White Ops is about to embark on a month-long study with the Association of National Advertisers (ANA) to try and determine the true extent of digital ad fraud among a representative selection of the ANA’s membership.
“If you look at different campaigns or networks, the range of bot traffic can be 1% or more than 90%,” said Tiffany. “It would be foolish to say something like, ‘Cholera is hitting one-fourth of households;’ that doesn’t make sense. The point of doing this study is to try and put some bounds around the problem in a definitive, measured way.”
Thirty ANA members across a variety of industries — including automotive, CPG, financial, retail, tech, and travel — have agreed to include White Ops tags in their existing digital media over the month of August in an attempt to get a read on the percentage of display, video, mobile, and social campaigns affected by bot fraud. Individual participants will get proprietary reports at the end of the experiment with information on overall fraud rate, fraud broken down by platform (desktop versus mobile), format, and channel (publisher versus network or exchange). The ANA also plans to aggregate the results and release them industry-wide around September or October.
“Clearly everyone is aware that the issue exists, but we need to make advertisers aware of how severe it is,” said ANA group EVP Bill Duggan. “We also need to get them to take some ownership of the solution, rather than just saying, ‘This is my agency’s problem.’”
Although it wouldn’t be fair to say that publishers don’t care about digital ad fraud, advertisers have the most to lose. Although publishers want their inventory to be as clean as possible, they’re not the ones getting robbed. Of the three main players on the scene — publishers, agency folk, and advertisers — brands have the most to lose, and the most to gain, by creating a cleaner digital environment.
And right now, it’s pretty messy out there. Bot operators are, as expected, most attracted to higher CPM campaigns. The more sophisticated ones are even able to subvert targeting technology for their own purposes by spoofing cookies and other browser metadata, in essence, creating a situation in which bots are actually being targeted by digital ads that confuse them for the real thing.

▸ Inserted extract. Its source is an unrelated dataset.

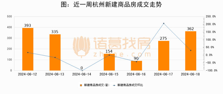 【杭州成交日报】06月18日新房成交362套、二手房271套;涨价房源112套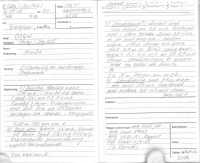 1) Runsten, rödaktig granit, 1.75 m h, 1.05 m br vid basen(NNÖ-SSV) och 0.3-0.6 m h. Runhöjd 7-14 cm. Ristningen vettermot ÖSÖ. Övre och SSV kanten avslagen och saknas. - Korsprydd.0.25 m NNV om 1:2) ...

Tiffany said he often sees that happen in the video space, where the CPMs are worth a bot’s while. Bots looking to cash in on video ads have to run full browsers with plug-ins and have the ability to play full videos.
Less sophisticated bots have also colonized social and display, where the buys are generally cheaper and performance-based.
Least affected at the moment is mobile. Despite the fact that it’s being bandied about as the next big digital advertising frontier, the money just isn’t in there yet, which is why bots aren’t focused on infiltrating the actual device. To suck of mobile ad dollars, bots generally run mobile phone emulators in the background on desktops.
“And believe me, it’s not a technical limitation,” Tiffany said. “Bad guys follow the money.”